Second, there’s profile. If you’re looking for a bourbon with a distinctive oak presence, yet not too heavy on the char, Master’s Keep 17 more than delivers. With each nose and sip you’ll find perfume-like traits – almost incense-esque. While core bourbon notes like vanilla and caramel are present, they’re not at all your run-of-the-mill sweeter variety (quite the opposite, really). The vanilla is darker, more true to vanilla bean, and the caramel has a toasted, almost smoky aspect. As for the supportive notes like citrus and herbal spice, they’re not entirely sweet either, but they offer enough contrast to set them apart from the heady, woodier notes.
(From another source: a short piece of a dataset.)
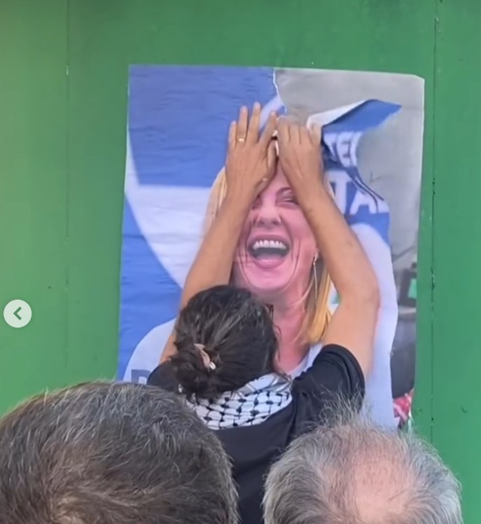 Al centro della vicenda c’è un’opera dell’artista napoletano Edoardo Castaldo, che da tempo utilizza il linguaggio visivo per fare critica politica. L’immagine accosta il volto della presidente del Consiglio Giorgia Meloni a quello di una donna palestinese ferita, immortalata dal fotoreporter Ahmad Hasaballah. Ma il meccanismo concettuale dell’opera si innesca solo con un gesto fisico: lo strappo della carta.

Finally, let’s talk about how this one ranks in consideration of my former review from 2016. I’ll have to admit, I appreciate Master’s Keep 17 … well, about the same. It’s a special whiskey, no doubt. In fact, if you’re looking for a bourbon that you can spend well over an hour simply nosing, this is the one. I’m getting more complexity in terms of pulling out notes now, but that’s probably just me. A lot can happen in the span of four or five years (case in point). Yet all said and done, I wouldn’t rate Master’s Keep 17 any higher or lower. It’s an excellent expression, and as such, I’m glad it’s the first limited edition bearing Eddie Russell’s name. A profound whiskey from an equally profound master distiller. Cheers!